The methods are described very clearly. Besides my comments below, which need to be addresses prior to the study, the authors provide all necessary detail to prevent undisclosed flexibility in, and to enable exact replication of the proposed experimental procedures and analysis pipelines.

Comments regarding the proposed statistical analysis:
Compared to the degree of detail of the study design description, the analysis paragraph is rather short and contains not enough detail.

For instance, the statement “If the data distribution of the residuals is non-normal, we will examine if a gamma distribution is a better fit. If problems persist, data will be transformed with a logtransform” needs more elaboration. Why is the gamma distribution the second best choice? Which parameters are expected to be normal, gamma, or lognormal distributed? How will the authors test for several distributions?

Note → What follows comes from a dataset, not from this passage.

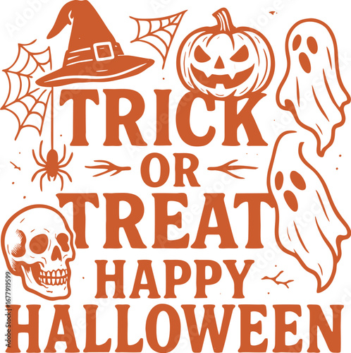 Trick or Treat Happy Halloween Vector with Pumpkin, Skull, Ghost, and Spider Web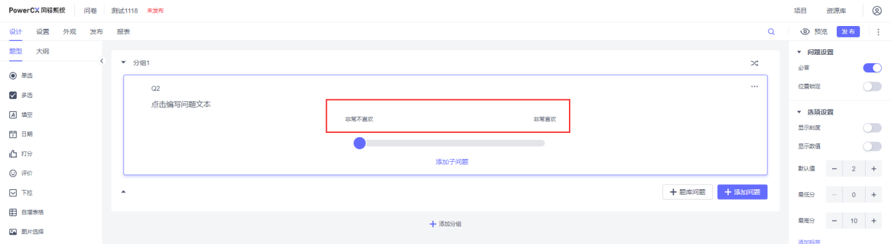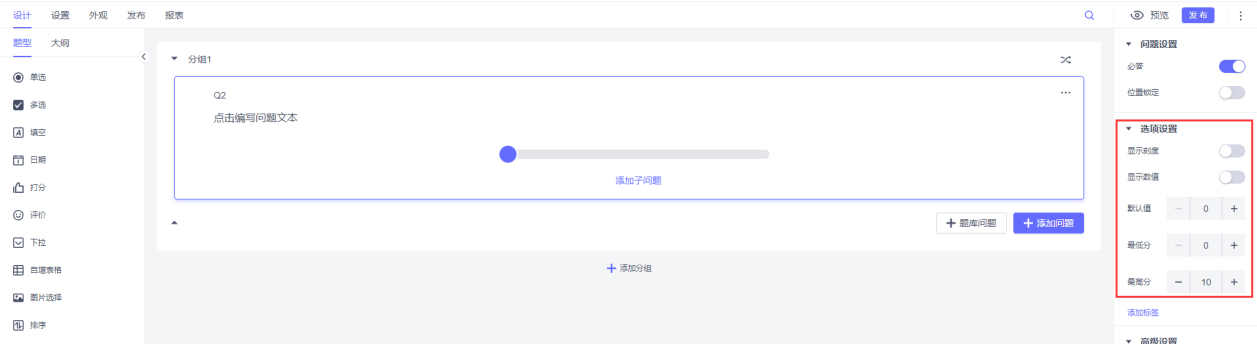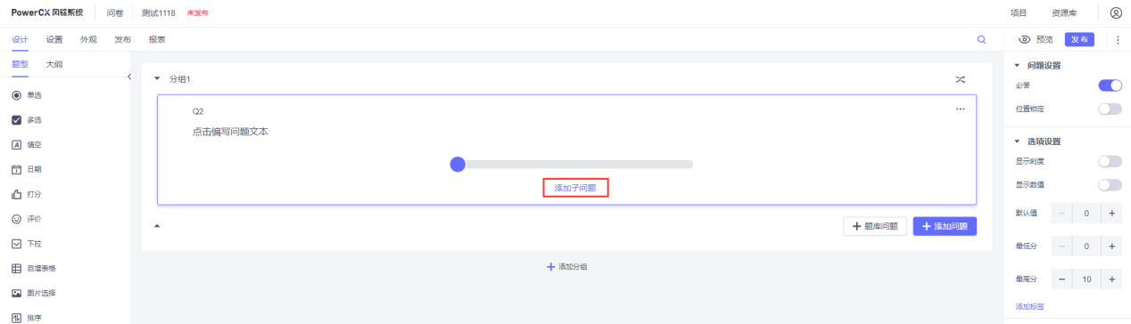 2.滑块支持对多个子问题打分,单击问题下方的“添加子问题”。

Also the statement “Missing data will be estimated using full maximum likelihood.” needs further explanation. Why does missing data need to be estimated at all, instead of just being skipped? How exactly will missing data be estimated in an unbiased way and how is it assured that the estimated data does not affect the overall results? In order to prevent undisclosed flexibility in, and to enable exact replication of the analysis pipeline, this issue needs to be addressed.

Comments regarding the (supplemental) methods section, the following issues should be addressed prior to the proposed study:

The authors state that “The adaptation night is scheduled as closely as possible to the first experimental night (the night before the first experimental night, maximally seven nights before)”.
However, I strongly recommend the adaptation night to be always immediately before the first experimental night.

Regarding this procedure: “three trials are conducted where words are presented at increasing sound levels (from 20 dB in 5 dB steps) until the participant shows an arousal.”
- It should be “20 dB SPL”
- How is the speech transduced? Open field or via in-ear head phones? If open field, then what is the distance between the loudspeaker and the participant’s ear? This is an important detail since the sound pressure level (SPL) decreases quadratically with the distance.
- Which words will be presented?

It is planned that “Afterward, they fill out a questionnaire about their sleep … and a question about spontaneous, non-experimenter awakenings).”
Will this be cross-validated using the EEG data? Which purpose does this question serve? Whether participants can recall non-experimental awakenings, or whether they had any at all? Please clarify.

“After 3 minutes of stable NREM and REM sleep”
Which NREM sleep stage exactly? N1, N2, N3 ? I guess N3 would be the most obvious choice, however earlier in the report, the authors mentioned N2. Please clarifiy.

“experimenters will play audio cues for a maximum of 12 minutes at the detected audio threshold using two loudspeakers placed next to the participant’s head.”
What will be the distance between the loudspeaker and the ear? Since the sound pressure level (SPL) decreases quadratically with distance, it is very important that this distance is either always kept constant or recorded for each participant on the night in which the threshold values are determined. This is the only way to ensure that on the second night the distance and thus the sound pressure level is comparable and actually corresponds to the estimated threshold value.

“In both experimental nights, participants will be instructed to signal if they have a period of lucidity. Dream reports with lucidity will be removed from analyses (score >= 4 on the lucidity scale).”
- How will participants signal periods of lucidity? I guess via voluntary eye movements according to a pre-defined code. However, how can it be assured that participants are actually able to do so during lucid periods. Usually, this requires training even for frequent lucid dreamers. Please clarify!
- Please cite literature on lucidity scale.

“The inclusion criteria to participate in the study are … high English language proficiency”.
- How will the proficiency be assessed?
- Wouldn’t it be better to restrict the inclusion criteria to English native speakers? In neurolinguistic studies, it is of great importance whether participants are L1 or L2 learners of a given language. To some extent this also applies to memory consolidation studies.